Mr. Christie himself is often part of the staged action, but this night he was relegated to the role of head cheerleader for much of the first half of the program, since the Paleolithic music of Monteverdi and Cavalli often required no conductor. Dressed in primavera colors, the aspirants demonstrated a wide range of vocal talent, an enviable amount of physical grace, and a rather narrow spectrum of thespianism (there is a certain Stepford feel to a Christie presentation).
Les Arts also adds variety by positioning its instrumentalists in varying spots. At the commencement of the evening, all who didn’t have to sit marched onto the stage while intoning the introduction to Monteverdi’s Questi vaghi concenti. Sometimes the orchestra members stood antiphonally, sometimes they sat, with the higher strings all on stage right, but with their order reversed from the modern format, with the violas on the outside and the solo violinist closest to the center. Those who performed sometimes stood as the others, including Mr.
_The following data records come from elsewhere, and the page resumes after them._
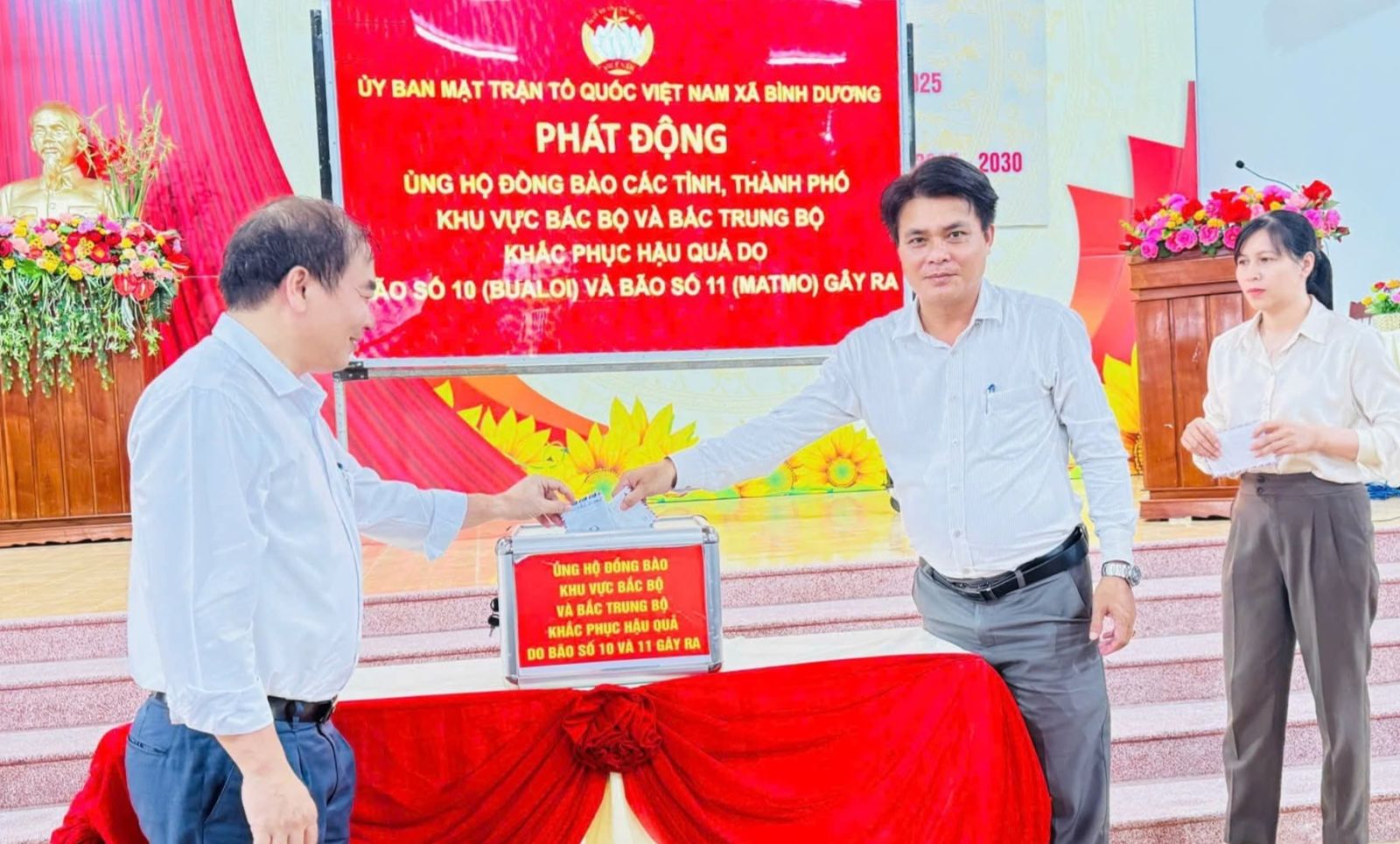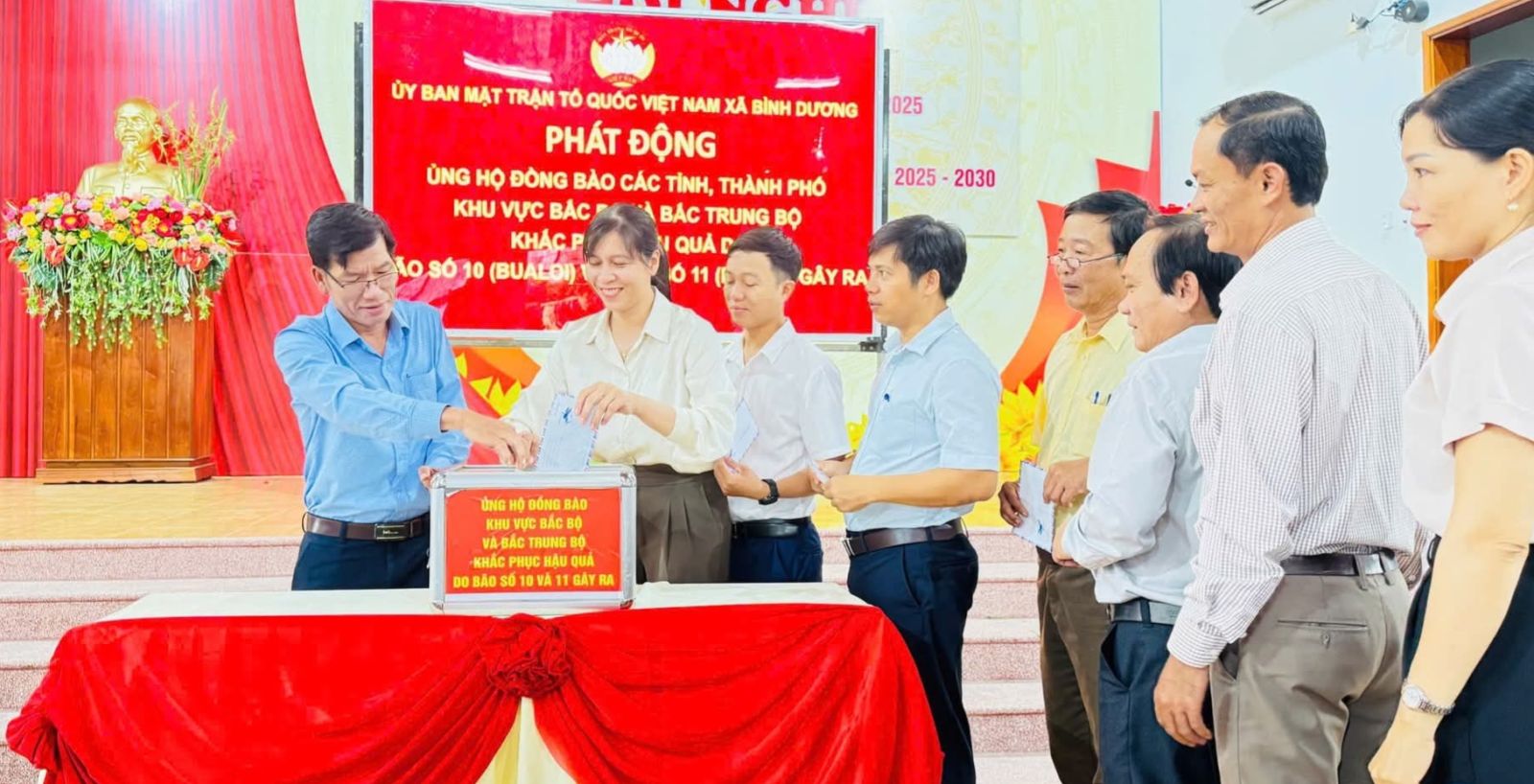 Sáng ngày 17/10, Ủy ban Mặt trận Tổ quốc Việt Nam xã Bình Dương tổ chức Lễ phát động ủng hộ đồng bào các tỉnh miền Bắc và Bắc Trung Bộ khắc phục hậu quả do cơn bão số 10 (Bualoi) và cơn bão số 11 (Matmo) gây ra.
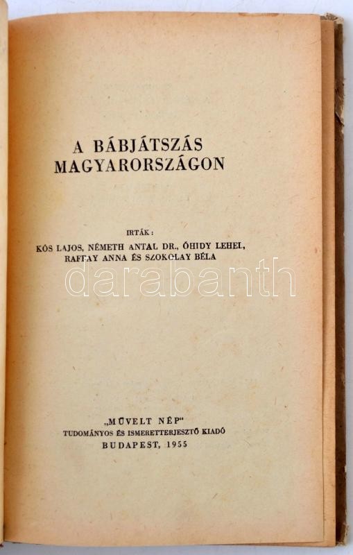 A bábjátszás Magyarországon. Szerk. Szilágyi Dénes. Bp., 1955, Művelt Nép. Kiadói kopottas félvászonkötésben. Kissé dohos példány.
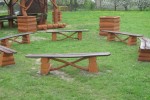 Ławka ogrodowa wykonana jest z bali oraz desek brzozowych. Z kolei siedzisko ławki wykonujemy z desek brzozowych gr. 38 mm. Ławki są dwukrotnie impregnowane Drewnochronem w wybranym przez klienta kolorze. Istnieje możliwość wykonania zdobień na ławkach.
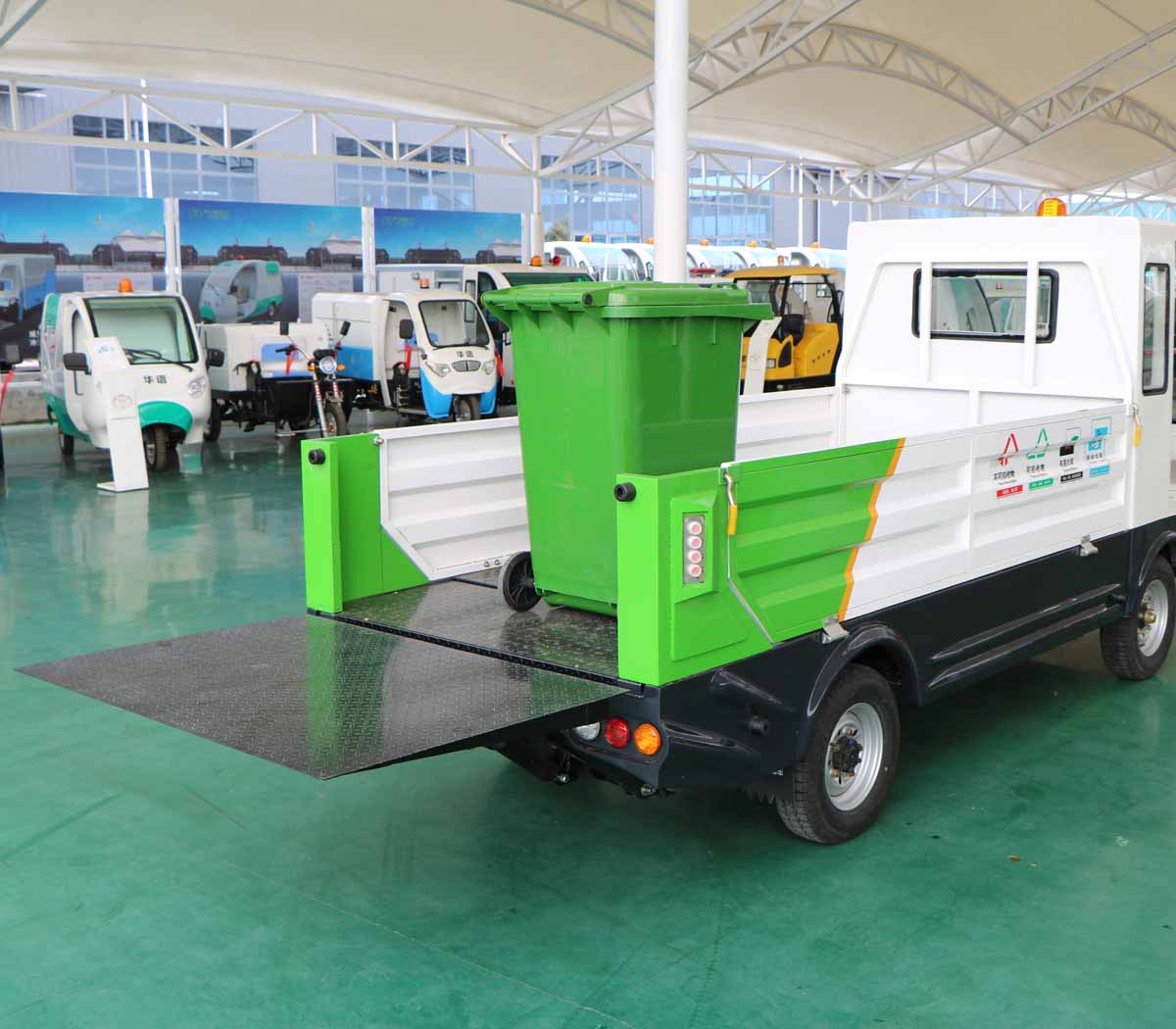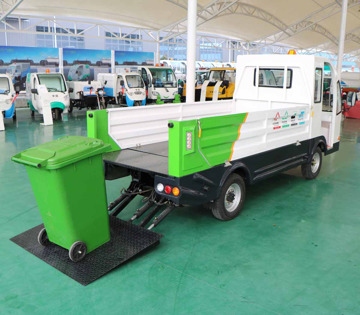7 | 車廂地板采用防滑花紋鋼板,可防止垃圾桶在運輸與轉運過程中打滑。 |
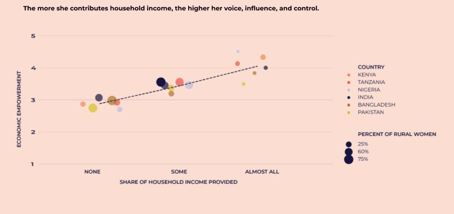 We worked with our data science partners at DrivenData to determine the most significant drivers of women’s economic empowerment, and we found that contributing to household income is the biggest indicator. Depositing funds directly into women’s accounts can have the same effect.

Christie, sat and observed.
The first half of the concert consisted of very early music, focusing on the period that heard the invention of the opera. The young people did a fine job in the madrigals, but seemed somewhat strained in the more dramatic operatic roles. Mr. Christie plans to bring a work featuring nine countertenors to Lincoln Center next season, and this night we heard one of these distinctively voiced creatures, the Pole Michal Czerniawski, in an emotive Lucidissima face from Cavalli’s Calisto.
But in the second half, when Mr. Christie awoke and conducted scenes and arias from the Baroque and Classical periods, the chinks in the cast’s armor became more noticeable. Claire Meghnagi, who was paired with Mr. Czerniawski for a duet from Handel’s Arminio, was all over the place, flatting regularly and becoming very shrill at the conclusion. Bulgarian soprano Sonya Yoncheva was much better, shaping her phrases deliciously in M’hai resa infelice from the same composer’s Deidamia,
American Laura Hynes Smith was sailing along impressively in Furia di donna irata from Piccinni’s — no, not Puccini’s — La buona figliuola when the higher register did her in unmercifully. Still, her high-energy version won the heartiest ovation from the sold-out house. Best of the lot was mezzo-soprano Amaya Dominguez, who, in a considered rendition of Vo’ far guerra from Handel’s Rinaldo, not only shaped a fully formed portrait of the rejected sorceress Armida, but wandered over to the harpsichord while Benoit Hartoin was playing his extended solo, and caressed the instrument in sensual, mad-scene style.
Spring gardens often appear a bit sparse. The real test is how they bloom in late summer.